Страница 7 из 41
Так, например, он проницательно улавливает общность естествознания и статистики: пренебрежение индивидуальным, единичным, нехарактерным ради массового, типичного, среднего. Действительно, зоолог, изучающий собаку, стремится не описать какую-то конкретную особь, а дать некий обобщенный образ собаки.
По мнению Личкова, правомерно разделение наук на генерализирующие (естественные) и индивидуализирующие (исторические). Первые создают более или менее примитивные и абстрактные модели действительности, придавая малое значение индивидуальному. Вторые, напротив, стремятся восстановить образы реальности в их неповторимости.
Но как в таком случае быть с науками о Земле? Геология в значительной степени — комплекс наук исторических.
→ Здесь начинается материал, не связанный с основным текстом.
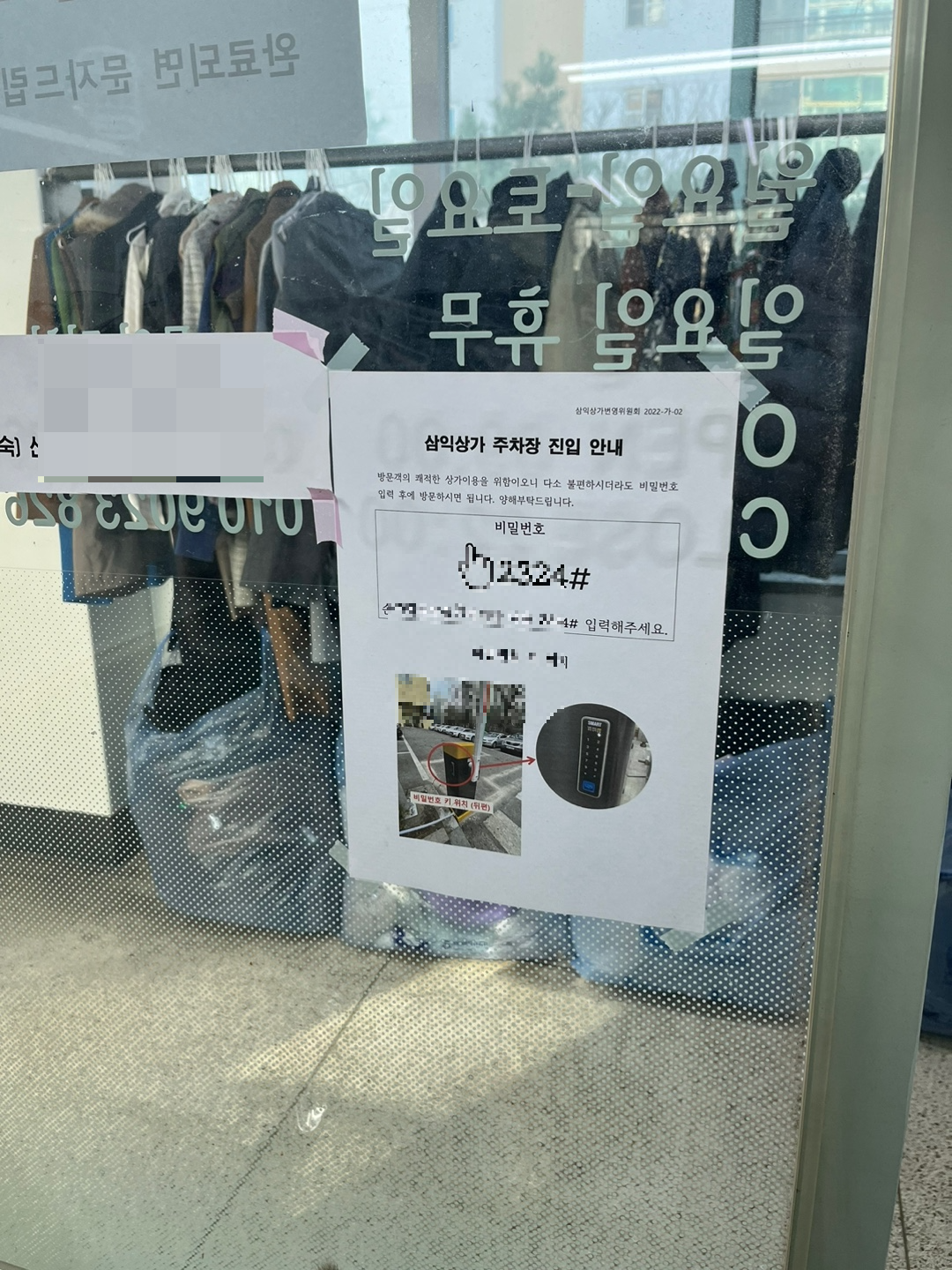 세탁소 입구부터 세탁물들이 쌓여 있었어요.
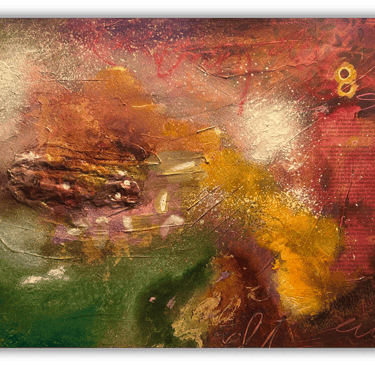 Je peins à l'huile, presque toujours accompagnée de techniques mixtes (encre, acrylique, collage, feuilles d'or, matières naturelles comme des fleurs ou du sel).
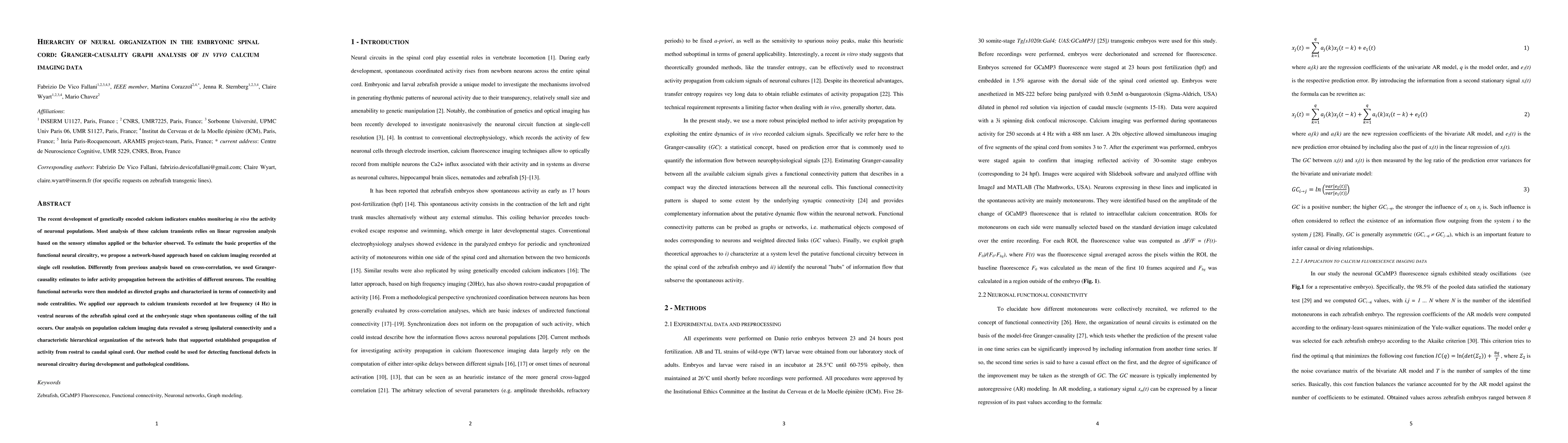 This paper proposes a network-based approach using Granger-causality analysis of in vivo calcium imaging data to infer functional neural circuitry in the embryonic zebrafish spinal cord. The study reveals a hierarchical organization of neural hubs with strong ipsilateral connectivity and activity propagation from rostral to caudal regions.
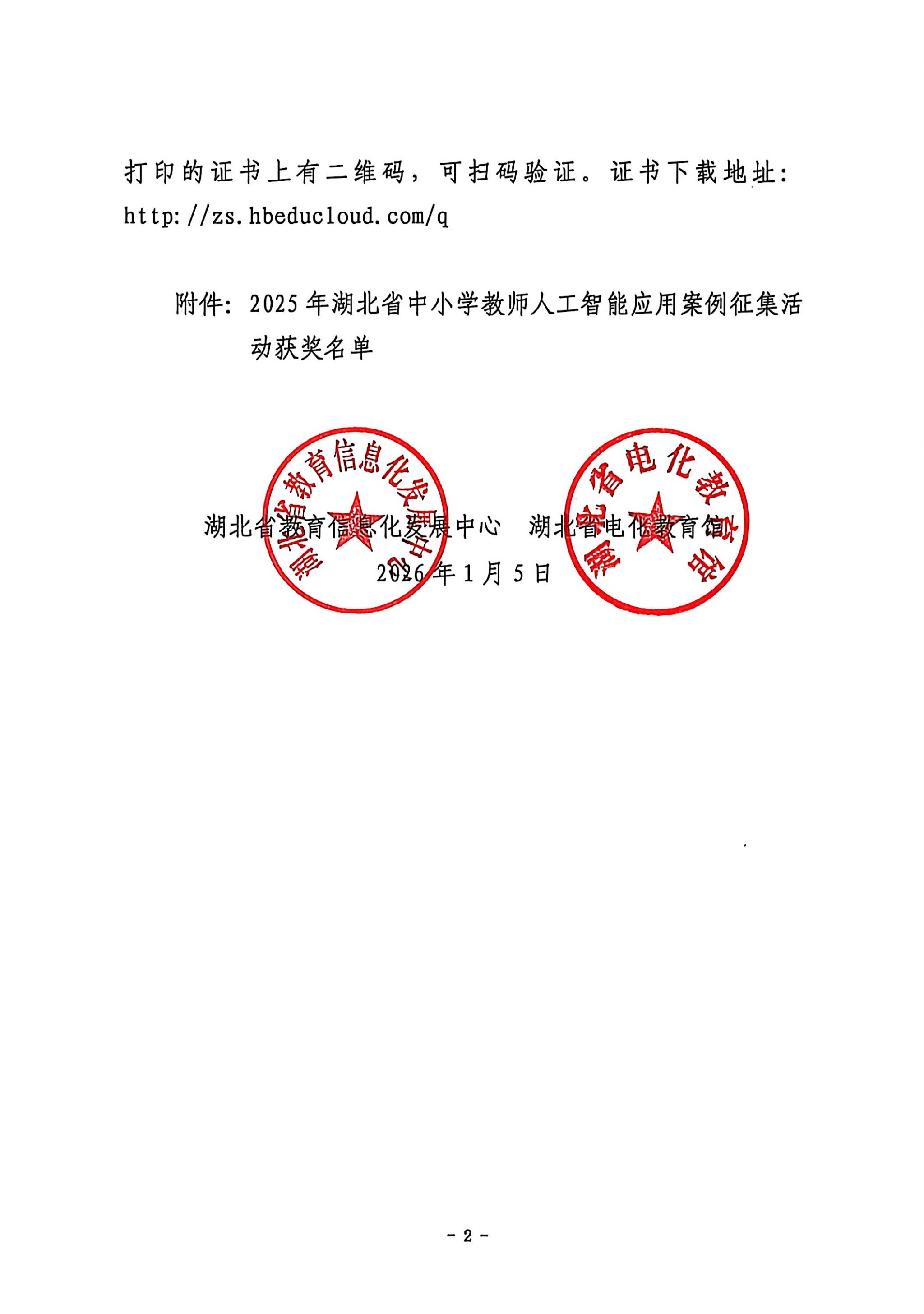 关于公布2025年湖北省中小学教师人工智能应用案例征集活动遴选结果的通知
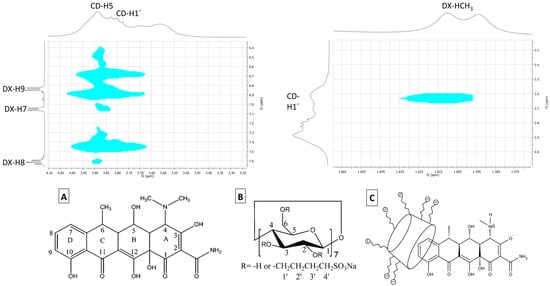 Top: contour plot of the 2D-NOESY spectra of DX/SBE-β-CD inclusion complex. DX: doxycycline. CD: sulfobutylether-β-cyclodextrin (SBE-β-CD). Bottom: (A) Molecular structure of doxycycline. (B) Molecular structure of SBE-β-CD. (C) Proposed geometric arrangement for the DX/SBE-β-CD inclusion complex.
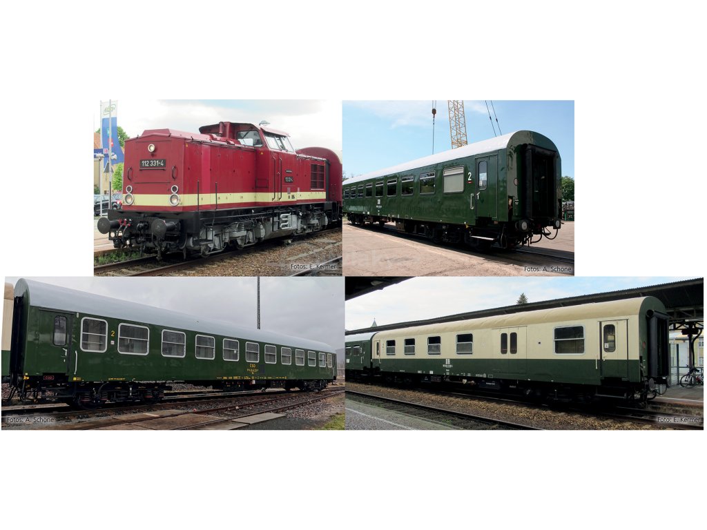 - zahrnuje lokomotivu BR 112 a tři různé typy historických vozů
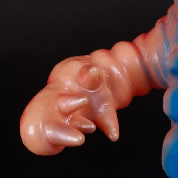 『イモムシ』モチーフの軟質なボディーと、エッジの効いた頭部や背面との質感の違いを見事に表現した造形は必見だ。
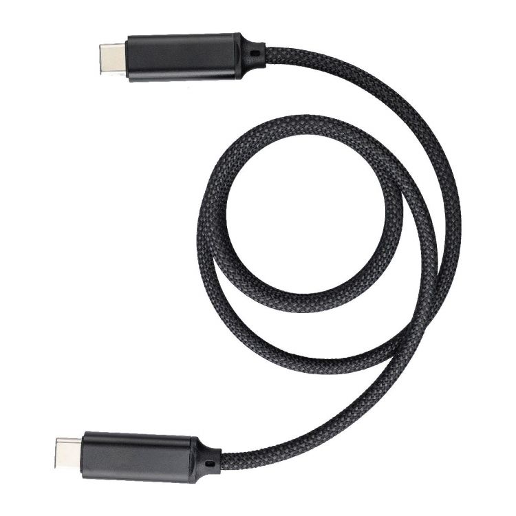 Cavo per la ricarica e trasferimento dati in nylon, capacità 60 W, il magnete integrato consente al cavo di arrotolarsi automaticamente in modo strutturato, uscite entrambe in USB-C, velocità di trasferimento dati di 240 Mbps, lunghezza del cavo circa 100 cm, confezionato singolarmente in una scatola in cartone avana, in colore nero
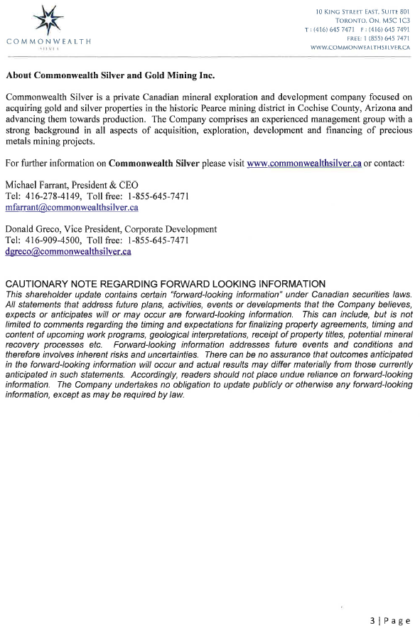 Message to Shareholders – As per Commonwealth Silver, Canada
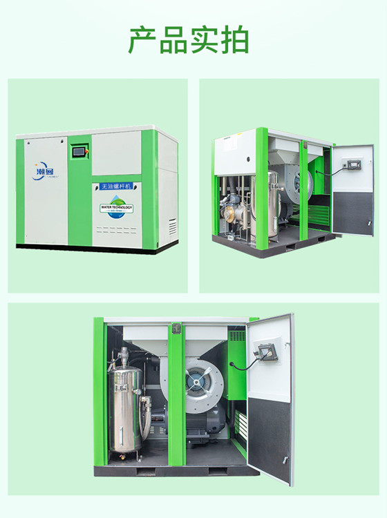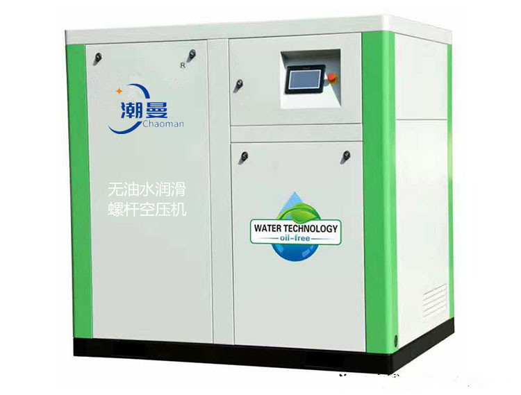 无油水润滑螺杆空压机采用不锈钢螺杆主机,在空气品质、能源节约、运转的高可靠度方面,皆证明其 的技术品质。由于其本身的完美结构,造就了其完对称平衡压缩。用水取代油,实现润滑、冷却、密封、降噪之四大功效,提供之无油空气,无污染,泄放之水无须特殊处理,符合环保要求。
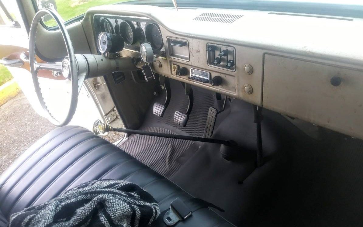 There is quite an amalgam of effects going on here but nevertheless, it all pulls together. The exterior was painted in the ’80s and it’s a twenty-footer – looks OK at a distance but it’s far from perfect and as the seller states, “has been touched up, scratched, chipped, etc. over the decades, has a great patina ‘don’t worry about scratching it’ look“. There is something to be said for that! There are some visible imperfections in places but the chrome, stainless trim, and wheel covers all make up for any shortcomings the finish may possess. And the entire effect is pulled together by virtue of this truck’s slammed stance. This is definitely a drive-it and enjoy-it kind of vehicle!
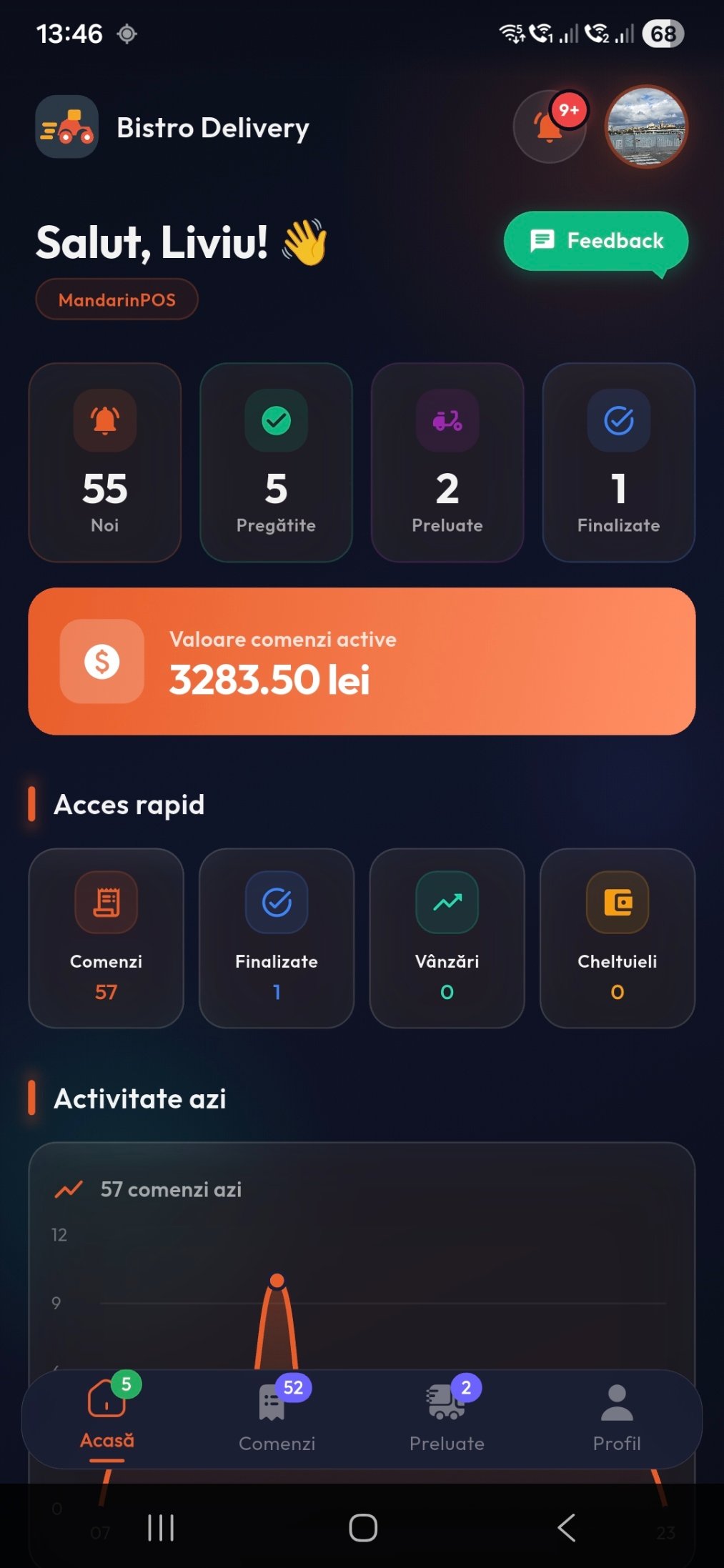 - ✅ Număr total comenzi livrate azi
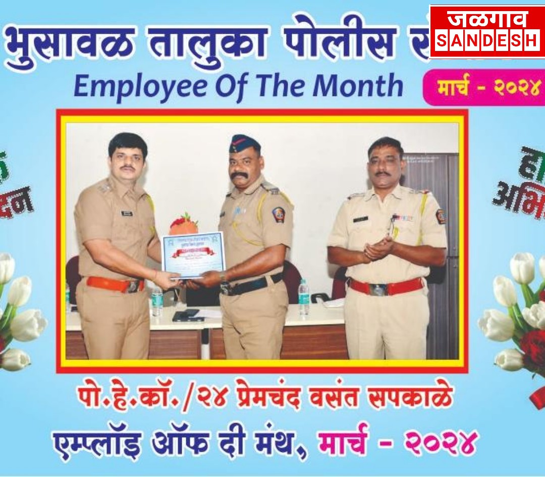 भुसावळ – येथील तालुका पोलीस स्टेशन चे पो.हे.काॅ. प्रेमचंद वसंत सपकाळे यांनी केलेल्या उत्कृष्ट व उल्लेखनीय कामगिरी बद्दल भुसावळ उपविभागीय पोलीस अधिकारी कार्यालया कडून मार्च २०२४ चा एम्प्लाॅइ आॅफ दी मंथ पुरस्काराने सन्मानित करण्यात आले. यावेळी भुसावळ उपविभागीय पोलीस अधिकारी कृष्णांत पिंगळे यांनी त्यांना प्रमाणपत्र व पुष्पगुच्छ देऊन सत्कार केला. यावेळी भुसावळ तालुका पोलीस स्टेशन चे पोलीस निरीक्षक बबनराव जगताप, एपीआय विशाल पाटील, पोऊनि पूजा अंधारे, कुऱ्हा पानाचे औट पोष्ट चे बीट हवालदार युनूस शेख, पोहेकाॅ बाविस्कर, दिपक जाधव, राहुल महाजन, उमेश बारी व पोलीस सहकारी उपस्थित होते. हा सन्मान सोहळा प्रत्येक महिन्याला केला जातो यात शहर पोलीस स्टेशन, बाजार पेठ पोलीस स्टेशन, वाहतूक पोलीस स्टेशन, तालुका पोलीस स्टेशन व नशिराबाद पोलीस स्टेशन अशा पोलीस स्टेशन मधील एक एक अधिकारी व कर्मचारी यांचा सत्कार केला जातो. भुसावळ उपविभागीय पोलीस अधिकारी कृष्णांत पिंगळे यांनी हा आदर्श कार्यक्रम सुरू केला असून या सत्कार सोहळ्या मुळे अधिकारी व कर्मचारी यांच्या कार्याची दखल घेतली जात असल्याने आनंद वाटतो असे सांगितले जात आहे.
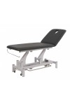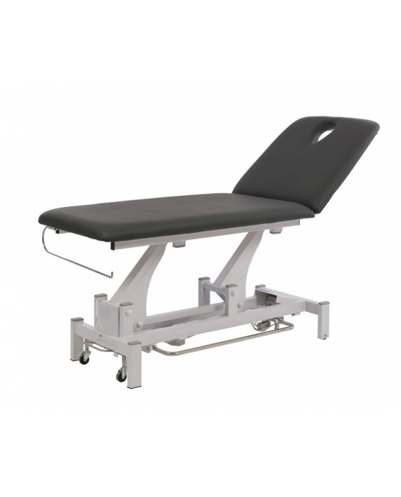 Camilla de 2 secciones especialmente indicada para tratamientos de fisioterapia con agujero facial y cojín apoyacabezas. Equipada con 1 motor que controla la altura mediante perimetral y respaldo regulable mediante pistón de gas. Cuenta con 4 ruedas, 2 de ellas activables para facilitar el desplazamiento. Tapizado gris en PVC y portarrollos incluido.
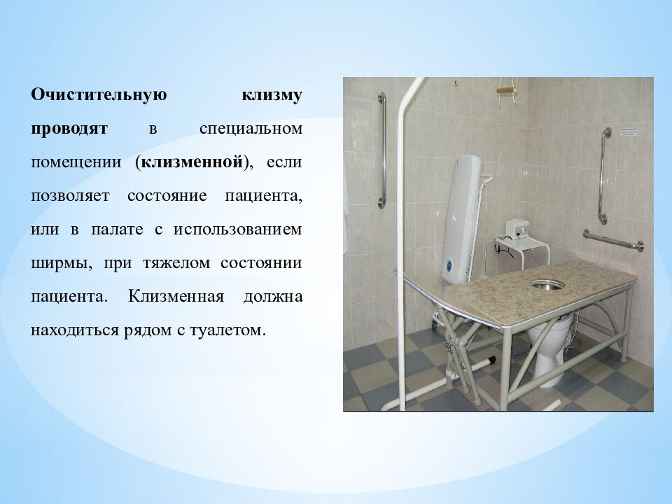 Очистительную клизму проводят в специальном помещении ( клизменной ), если позволяет состояние пациента, или в палате с использованием ширмы, при тяжелом состоянии пациента. Клизменная должна находиться рядом с туалетом.
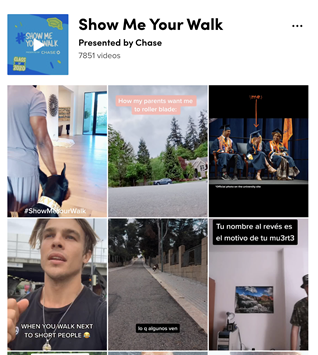 باتباع مفهوم تحديات TikTok ، يجب أن يستخدم Instagram Reel Challenge علامة تصنيف. فكر في علامة تصنيف يمكن ربطها بعلامتك التجارية ولكن يمكن استخدامها أيضًا بشكل طبيعي. كان أحد أنجح تحديات العلامة التجارية هو #ShowMeYourWalk Challenge من Chase Bank.

И в то же время — часть естествознания. Она сочетает в себе .черты как генерализирующих, так и индивидуализирующих наук. Скажем, историческая геология восстанавливает последовательность событий далекого прошлого преимущественно обобщенно, по некоторым осредненным характеристикам. Подобная "двойственность" заслуживала бы глубокого анализа. Возможно, в результате можно было бы лучше понять и учесть особенности геологических паук. Личков не встал на этот путь. Возможно, он еще не ощутил себя геологом в полной мере...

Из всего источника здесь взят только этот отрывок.